WHAT IS NEEDED: In the entries below, find the line with "Noir Black Cotton" and the line with "En el oeste"; give again those lines and every line between them, exactly.

TASK DATA:
BEGIN

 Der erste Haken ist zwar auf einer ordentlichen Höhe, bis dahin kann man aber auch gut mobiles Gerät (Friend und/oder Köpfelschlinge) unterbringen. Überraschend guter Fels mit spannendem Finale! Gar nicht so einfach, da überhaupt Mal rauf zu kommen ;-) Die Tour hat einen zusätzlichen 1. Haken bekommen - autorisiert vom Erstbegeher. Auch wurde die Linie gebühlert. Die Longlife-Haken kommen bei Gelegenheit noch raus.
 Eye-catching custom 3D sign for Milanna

END
BEGIN

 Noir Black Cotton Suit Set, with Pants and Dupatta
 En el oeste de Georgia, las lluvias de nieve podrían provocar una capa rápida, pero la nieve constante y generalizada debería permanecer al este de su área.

END

EXPECTED ANSWER:
 Noir Black Cotton Suit Set, with Pants and Dupatta
 En el oeste de Georgia, las lluvias de nieve podrían provocar una capa rápida, pero la nieve constante y generalizada debería permanecer al este de su área.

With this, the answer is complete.